▶ Record excerpts:
——
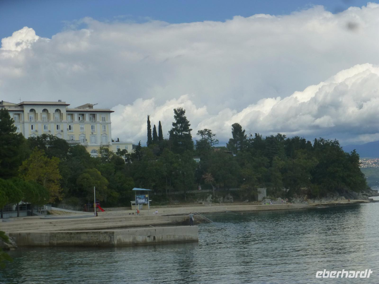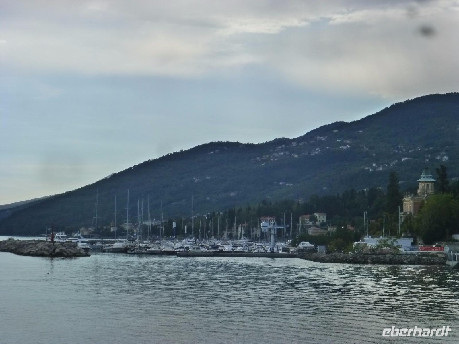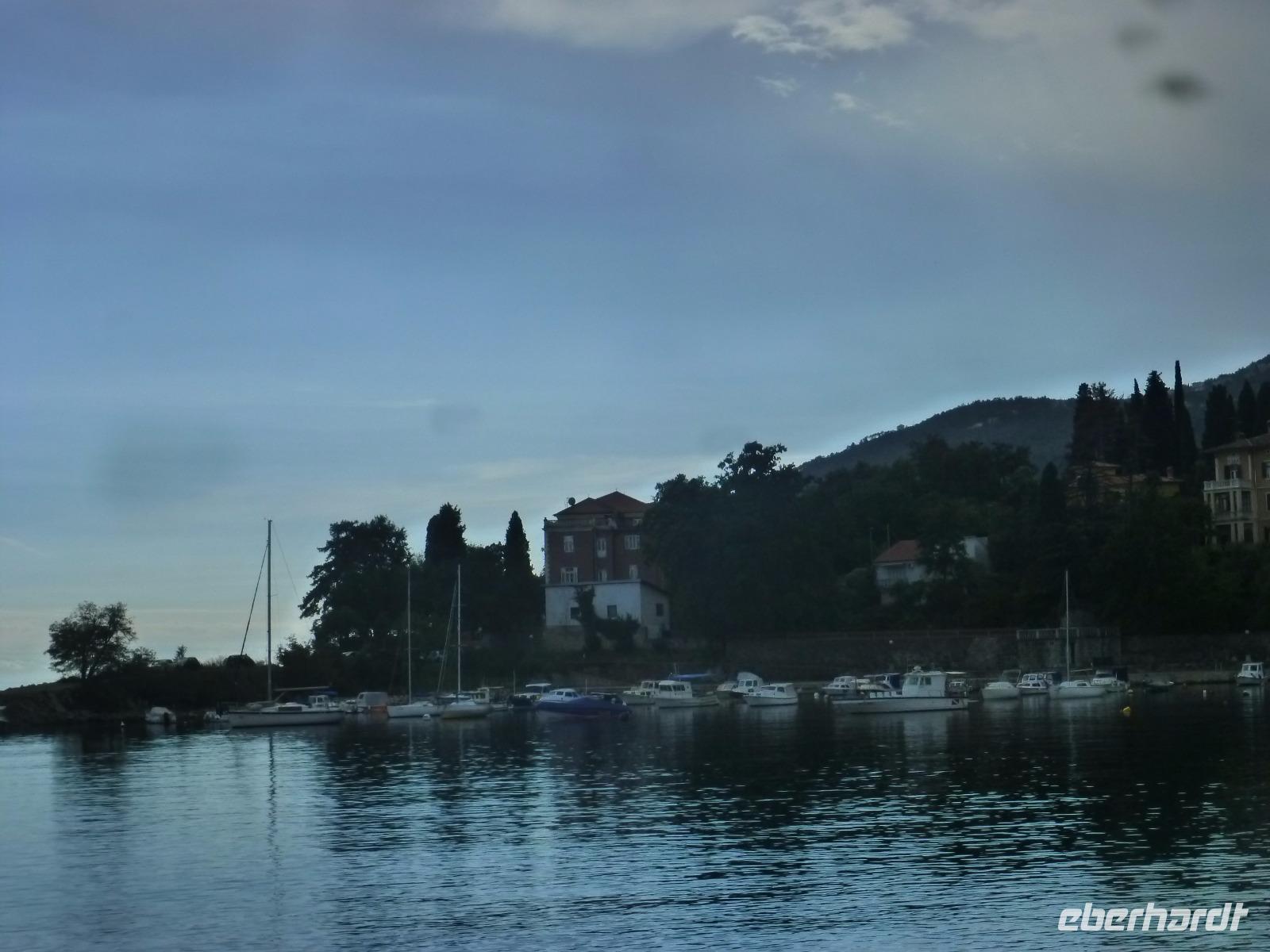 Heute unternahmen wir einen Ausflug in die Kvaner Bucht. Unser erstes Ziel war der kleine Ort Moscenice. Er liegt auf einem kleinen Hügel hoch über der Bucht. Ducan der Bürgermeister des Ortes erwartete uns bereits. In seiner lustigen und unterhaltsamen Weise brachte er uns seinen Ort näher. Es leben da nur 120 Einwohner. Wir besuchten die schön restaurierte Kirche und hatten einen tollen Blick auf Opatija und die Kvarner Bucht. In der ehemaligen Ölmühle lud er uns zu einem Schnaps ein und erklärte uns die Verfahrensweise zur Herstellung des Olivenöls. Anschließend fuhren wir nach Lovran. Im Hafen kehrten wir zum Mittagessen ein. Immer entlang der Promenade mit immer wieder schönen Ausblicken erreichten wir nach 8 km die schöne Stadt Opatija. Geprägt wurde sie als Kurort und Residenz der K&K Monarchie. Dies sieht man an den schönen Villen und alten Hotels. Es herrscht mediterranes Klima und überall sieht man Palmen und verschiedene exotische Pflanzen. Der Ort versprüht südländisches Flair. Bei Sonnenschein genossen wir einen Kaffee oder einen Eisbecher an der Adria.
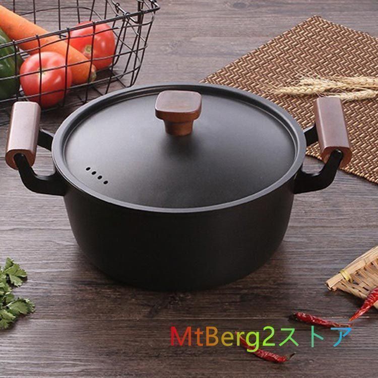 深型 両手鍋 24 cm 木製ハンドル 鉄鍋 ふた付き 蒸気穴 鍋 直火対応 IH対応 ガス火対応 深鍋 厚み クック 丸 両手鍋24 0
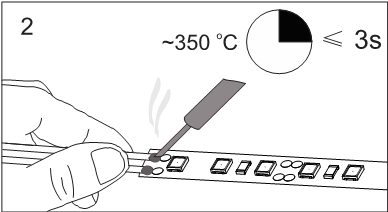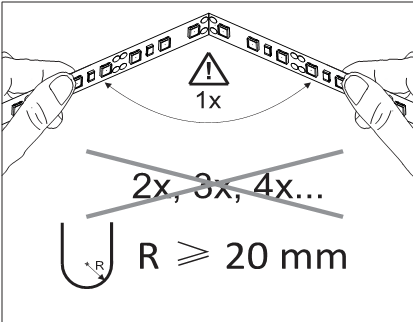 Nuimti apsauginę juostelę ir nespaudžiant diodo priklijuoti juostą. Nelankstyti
——
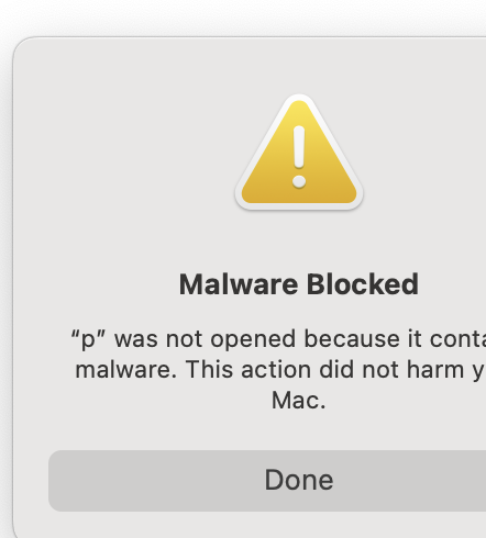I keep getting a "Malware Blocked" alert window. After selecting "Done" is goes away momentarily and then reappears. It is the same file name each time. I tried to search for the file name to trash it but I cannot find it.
——
▶ Try it: Copy exactly the lines of the listing above between the one holding "Heute unternahmen wir" and the one holding "Nuimti apsauginę juostelę", inclusive; omit all pictures.

▶ Solution to this task:
 Heute unternahmen wir einen Ausflug in die Kvaner Bucht. Unser erstes Ziel war der kleine Ort Moscenice. Er liegt auf einem kleinen Hügel hoch über der Bucht. Ducan der Bürgermeister des Ortes erwartete uns bereits. In seiner lustigen und unterhaltsamen Weise brachte er uns seinen Ort näher. Es leben da nur 120 Einwohner. Wir besuchten die schön restaurierte Kirche und hatten einen tollen Blick auf Opatija und die Kvarner Bucht. In der ehemaligen Ölmühle lud er uns zu einem Schnaps ein und erklärte uns die Verfahrensweise zur Herstellung des Olivenöls. Anschließend fuhren wir nach Lovran. Im Hafen kehrten wir zum Mittagessen ein. Immer entlang der Promenade mit immer wieder schönen Ausblicken erreichten wir nach 8 km die schöne Stadt Opatija. Geprägt wurde sie als Kurort und Residenz der K&K Monarchie. Dies sieht man an den schönen Villen und alten Hotels. Es herrscht mediterranes Klima und überall sieht man Palmen und verschiedene exotische Pflanzen. Der Ort versprüht südländisches Flair. Bei Sonnenschein genossen wir einen Kaffee oder einen Eisbecher an der Adria.
 深型 両手鍋 24 cm 木製ハンドル 鉄鍋 ふた付き 蒸気穴 鍋 直火対応 IH対応 ガス火対応 深鍋 厚み クック 丸 両手鍋24 0
 Nuimti apsauginę juostelę ir nespaudžiant diodo priklijuoti juostą. Nelankstyti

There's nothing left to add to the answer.